As an engineer,
I'd like to use the optimized rocm/vllm image on Lift Wing, so that I can take utilize the required software without having to build and maintain everything on our own.
After some work done in T370149: [LLM] Use vllm for ROCm in huggingface image , it seems that building and maintaining our own set of packages offer significant challenges and workload for us while at the same time doesn't seem like an ideal choice to use in production as the frequent changes in this ecosystem of packages makes us prone to errors and incompatibility among their dependencies.

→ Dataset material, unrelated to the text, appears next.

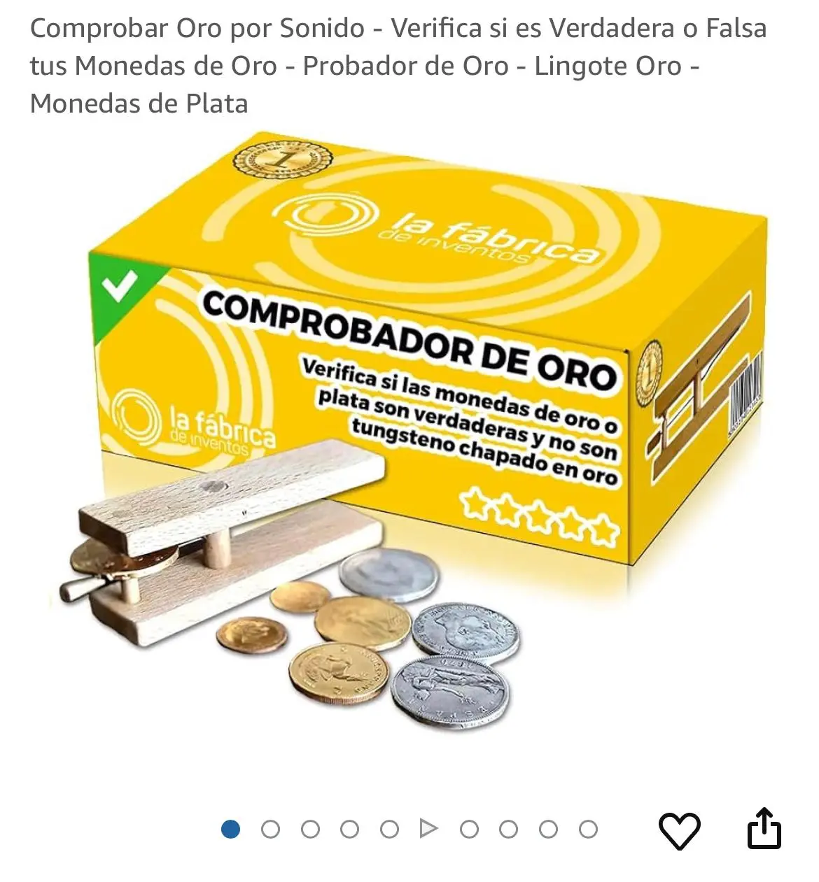 Este producto, creado por uno de nuestros inventores, permite detectar si una moneda es maciza de oro, o en su interior esconde otro material distinto al oro. Gracias al comprobador detectarás las monedas falsas.

The latest image (rocm/vllm:v710inference_rocm6.3-release_ubuntu22.04_py3.10_pytorch_release-2.6) is a great improvement in size as it is only 7.7GB compressed while the previous ones were >20GB. Here is it important to note that our base pytorch images are ~18GB. If the resulting image size doesn't go above 10GB it would offer a significant reduction in image sizes.
The image has the following software versions: (full pip freeze result)
| software | version |
| ROCm | 6.3 |
| torch | 2.6.0 (built from source for ROCm) |
| vllm | 0.6.5 (built from source for ROCm) |
| triton | 3.0.0 (built from source for ROCm) |
The dockerfiles for this image are defined in the ROCm/vllm repo . rocm-vllm dockerfile, rocm/vllm-dev. The rocm/vllm image uses rocm/vllm-dev as its base image.